Question

The horizontal distance between two poles is 15m .the angle of depression of the top of first pole as seen from the top of the second pole is 30degree .if the height of the second pole is 24m.find the height of the first pole

Answer 1

let AB be the 1st pole and CD be the 2nd pole
AC=15m
CD=24m
let AB=x
CE=x
ED=24-x
consider triangle BED
tan30° = DE/BE
1/√3 = (24-x)/15
15= √3(24-x)
5√3 = 24-x
x = 24-5√3
  = 15.33m

Answer 2

Let AB be the pole of height h metres and CD be the second pole of height 24m.

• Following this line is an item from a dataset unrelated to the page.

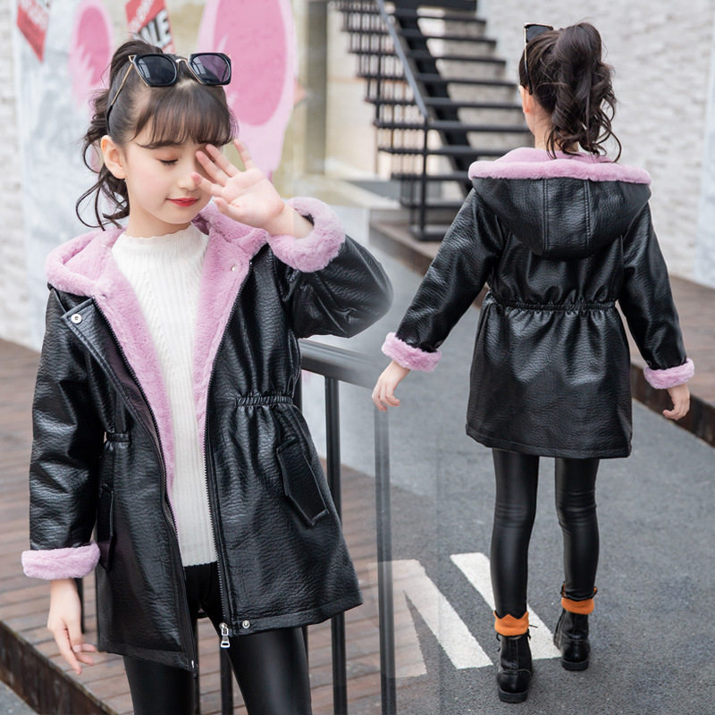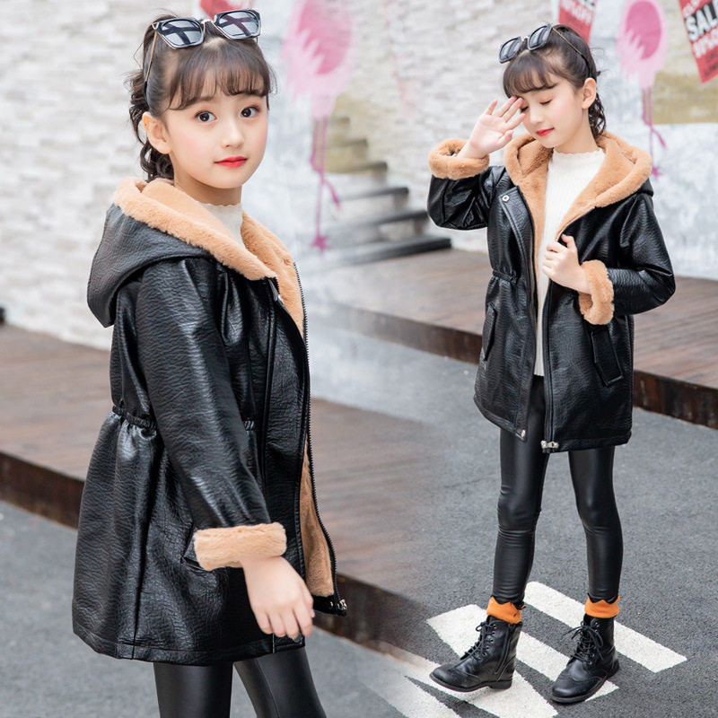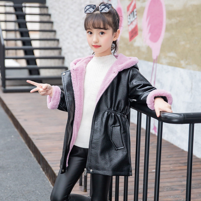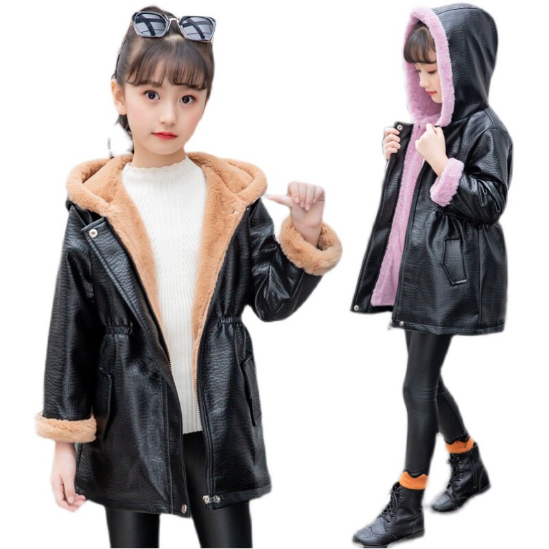 Girl's medium long version of leather clothes Winter new Korean version Fashion CUHK Thickened Wind Clothing Plus Suede Warm Mesh Infrared
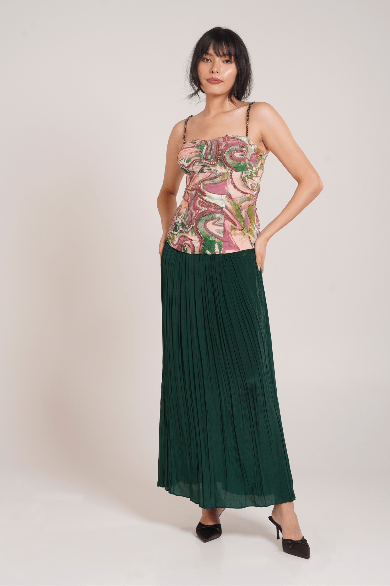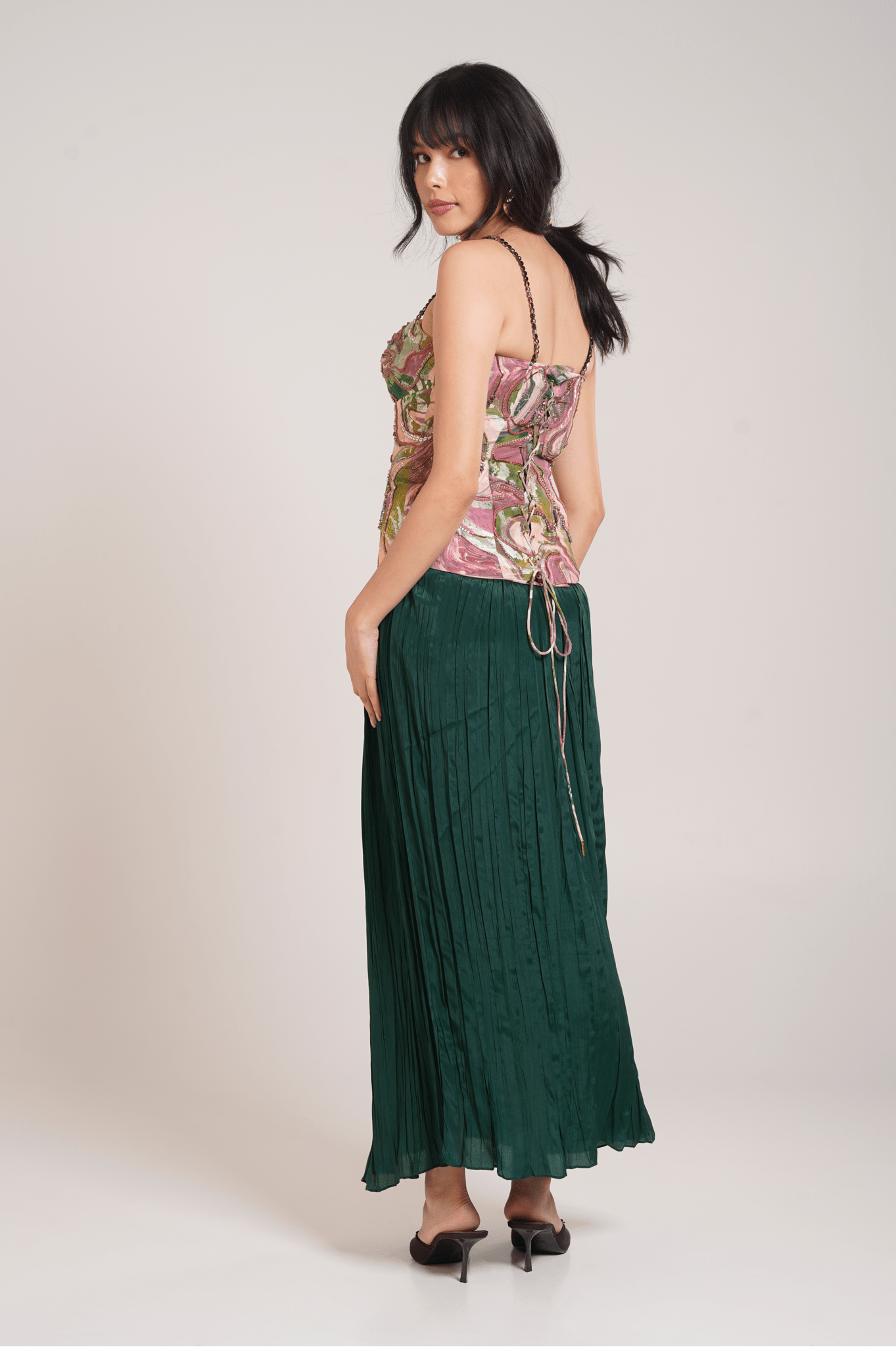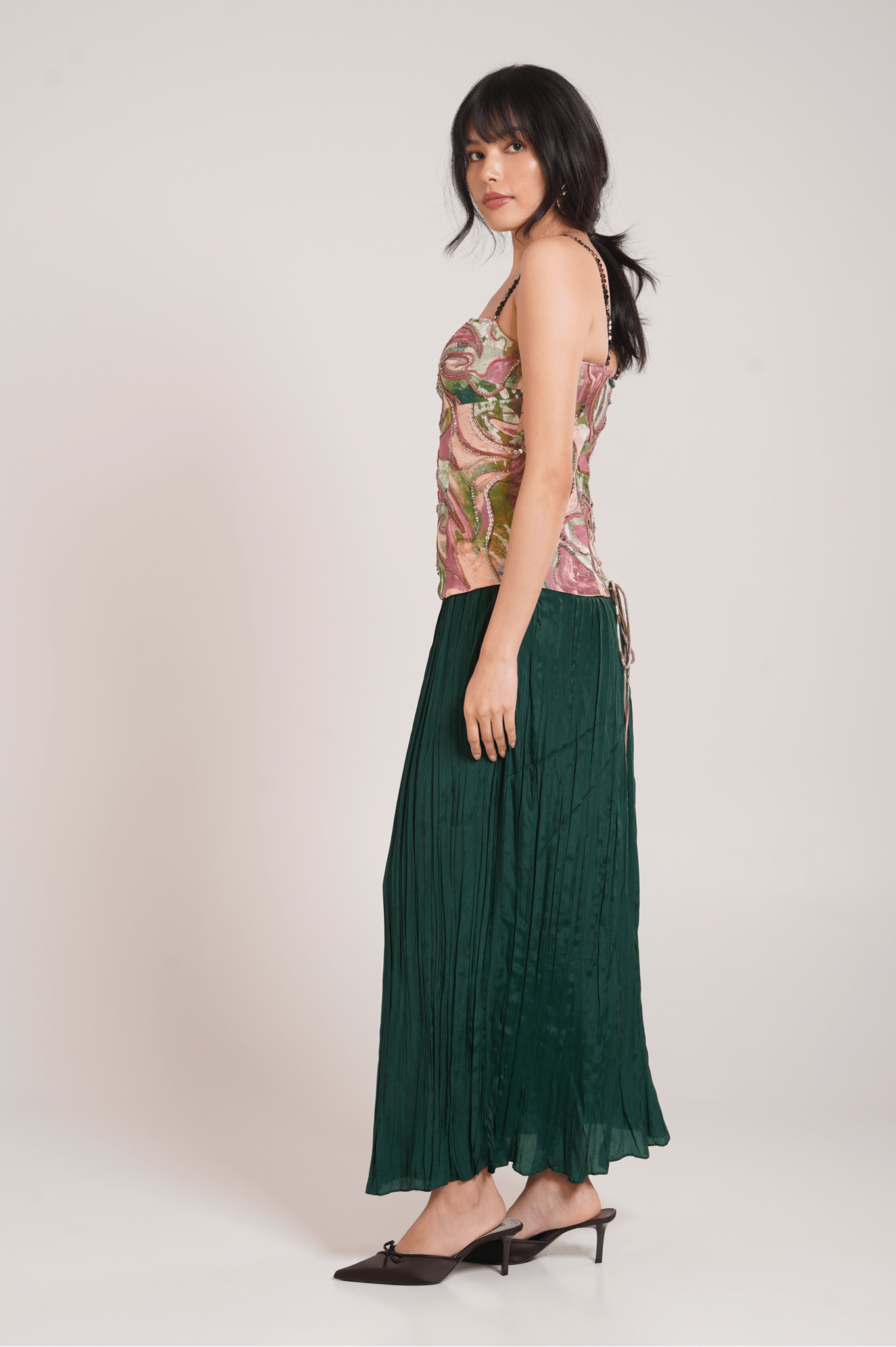 The Ira Set features a fitted embroidered corset with beaded straps and structured boning, paired with a flowing forest green pleated maxi skirt.

Draw CF||BD and AE ||BD.Then,

BD = AE = 15., CE = (24 - h) m

$\sf\angle{{CAE}=\angle{ACF}=30°}$

From right ∆AEC, we have

$\longrightarrow$$\sf{tan\:30°= \frac{CE}{AE}=\frac{1}{ \sqrt{3} } = \frac{24 - h}{15}}$

$\longrightarrow$$\sf{\frac{15}{ \sqrt{3} } = 24 - h}$

$\longrightarrow$$\sf{h = 24 - \frac{15}{ \sqrt{3} } = 24 - 5 \sqrt{3}}$

$\longrightarrow$$\sf{24-5×1.732}$

$\longrightarrow$$\sf{24-8.66}$

$\longrightarrow$${\boxed{\sf{\red{15.34m}}}}$

Hence, the height of the first pole = 15.34m.